The integrated system functioned effectively as a cohesive unit, enabling intuitive control while maintaining a safety layer through obstacle avoidance. However, improvements are needed to enhance usability, responsiveness, and overall performance. The system’s responsiveness was limited by occasional processing delays, likely caused by the computational overhead of gesture recognition and obstacle detection running simultaneously. Optimizing the software pipeline by utilizing multi-threading or GPU acceleration could improve processing efficiency [
41]. Furthermore, reducing latency in the gesture recognition system could improve user experience, as research has shown that delays exceeding 100 milliseconds negatively impact interactive control systems [
42].
Although this system presents a significant advancement in human-drone interaction, several limitations remain. The gesture recognition system remains susceptible to improper hand positioning, lighting variations, and occlusion. Additionally, the obstacle avoidance system currently lacks adaptive decision-making capabilities and does not incorporate learning from prior interactions. To better evaluate and interpret the system's performance, we acknowledge the following potential threats to validity:
Internal Validity − The gesture recognition and drone control were tested under controlled indoor conditions with stable lighting and minimal distractions. Performance may decline in less controlled, real-world environments where lighting, background activity, or camera positioning vary significantly.

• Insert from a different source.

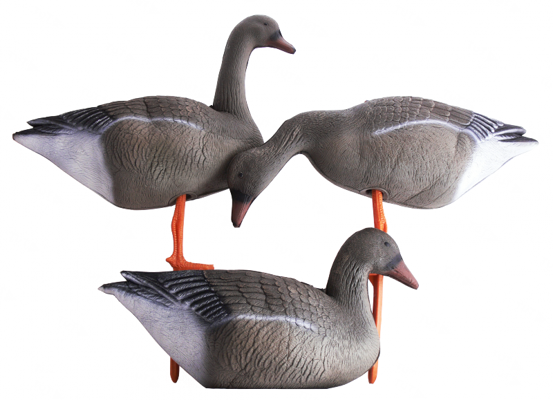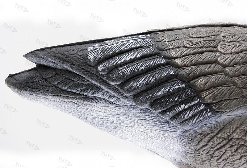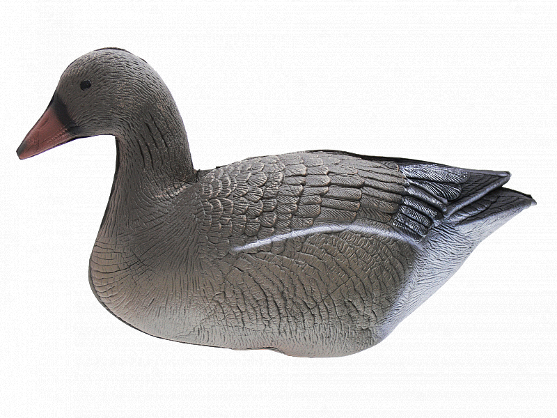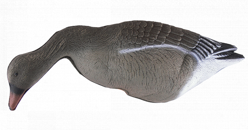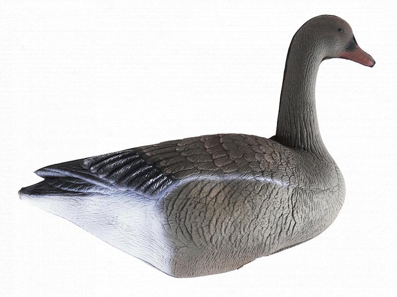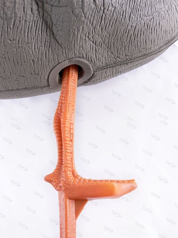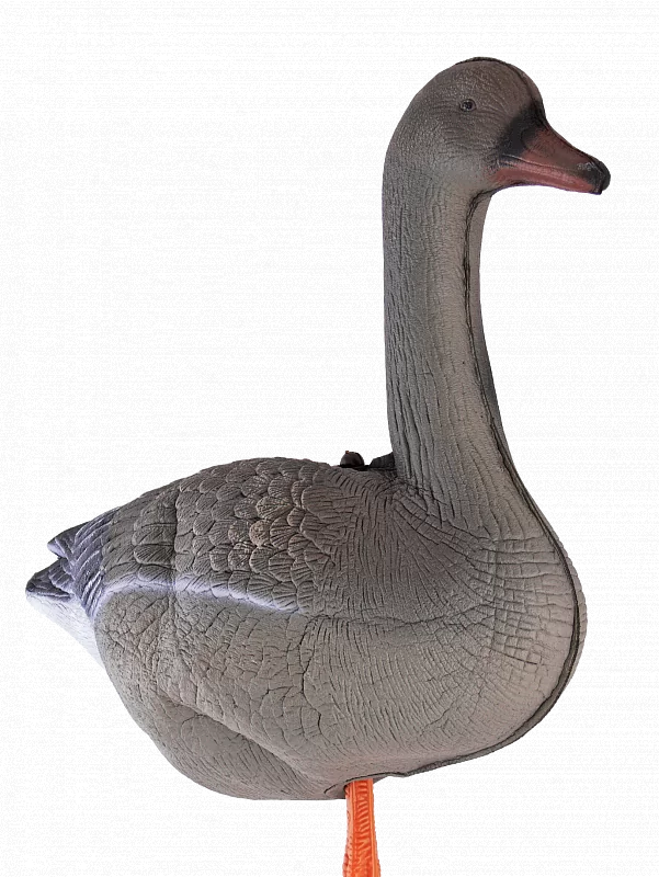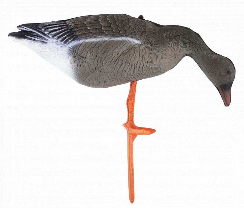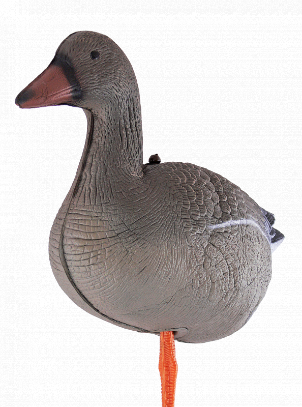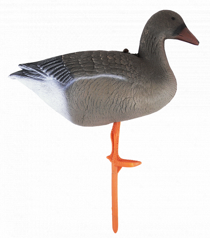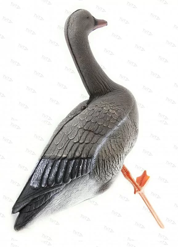 В комплекте с каждым чучелом - прочная оранжевая лапа-стойка из пластика. Чучела полнообъёмные, очень легкие, легко сминаются для транспортировки, быстро собираются, не бликуют, занимают мало места в упакованном виде. В разобранном виде принимают размеры сопоставимые с размером живого гуся. Пластиковая лапа-стойка идет в комплекте с гусем.

Construct Validity − The predefined gestures selected for this study may not be universally intuitive for all users, potentially influencing usability outcomes. Furthermore, users’ hand size, motion speed, and articulation could impact gesture recognition reliability.
External Validity − The findings are based on a specific hardware setup (Crazyflie 2.1, MediaPipe Hands, and AI-Deck). Results may not generalize to other drone models or hardware configurations without significant reengineering.
Reliability Threats − System performance may degrade over prolonged use due to sensor drift, thermal effects, or battery limitations. Additionally, the gesture classification system may face reduced robustness in multi-user settings or when exposed to unintended hand movements.
The paper aims to mitigate these threats in future work through more diverse testing environments, user studies across broader demographics, and hardware-agnostic system design to ensure greater generalizability and robustness. Specifically, future research could explore deep learning models for more robust gesture recognition, sensor fusion techniques for improved obstacle detection, and adaptive control strategies to enhance user autonomy while maintaining safety [
43,
44]. Also, expanding the 3D mapping system with SLAM integration could enable more detailed environmental awareness, improving applications in multi-drone coordination and autonomous exploration [
45]. By addressing these challenges, future modifications of this system could improve accuracy, usability, and adaptability, making drone technology more accessible to a broader range of users and applications. Furthermore, another promising research direction is the application of hand gesture control to robotic swarms systems and very large-scale robotic systems [
46,
47,
48].
5. Conclusions
This research demonstrated a gesture-controlled drone system integrating obstacle avoidance, 3D mapping, and drone FPV streaming via the AI-Deck, offering an intuitive and accessible approach to drone navigation. The combination of hand-gesture recognition and autonomous safety mechanisms reduces reliance on traditional controllers, making drone operation more approachable, particularly for beginners. While limitations such as gesture recognition sensitivity, video streaming quality, and processing delays were observed, the system successfully provided a safer and more interactive user experience. Future improvements could further refine usability, responsiveness, and reliability, including two camera views for better gesture recognition, a new camera module for higher-quality streaming, and further code optimization. Also, expanding the obstacle avoidance system to detect and respond to moving objects would enhance the drone’s adaptability, opening pathways for use in unpredictable spaces. Altogether, this multifunctional system represents a meaningful step toward safer, more intuitive human-drone interaction and paves the way for broader adoption of drone technology in education, training, and mission applications.
Author Contributions
Conceptualization, B.T., M.A., P.S., and P.Z.; methodology, B.T., M.A., P.S. and X.G.; software, B.T., M.A., P.S. and X.G.; validation, B.T., M.A. and P.S.; formal analysis, B.T. and P.Z.; investigation, B.T. and M.A.; resources, P.Z.; data curation, B.T., M.A. and P.S.; writing—original draft preparation, B.T.; writing—review and editing, B.T., X.G., P.Z. and H.M.; visualization, B.T., M.A. and P.S.; supervision, P.Z.; project administration, P.Z. and H.M.; funding acquisition, H.M. and P.Z.
Funding
This research was supported by the Defense Advanced Research Projects Agency (DARPA)-Grant #000825 and the NASA West Virginia Space Grant Consortium, NASA Agreement #80NSCC20M0055.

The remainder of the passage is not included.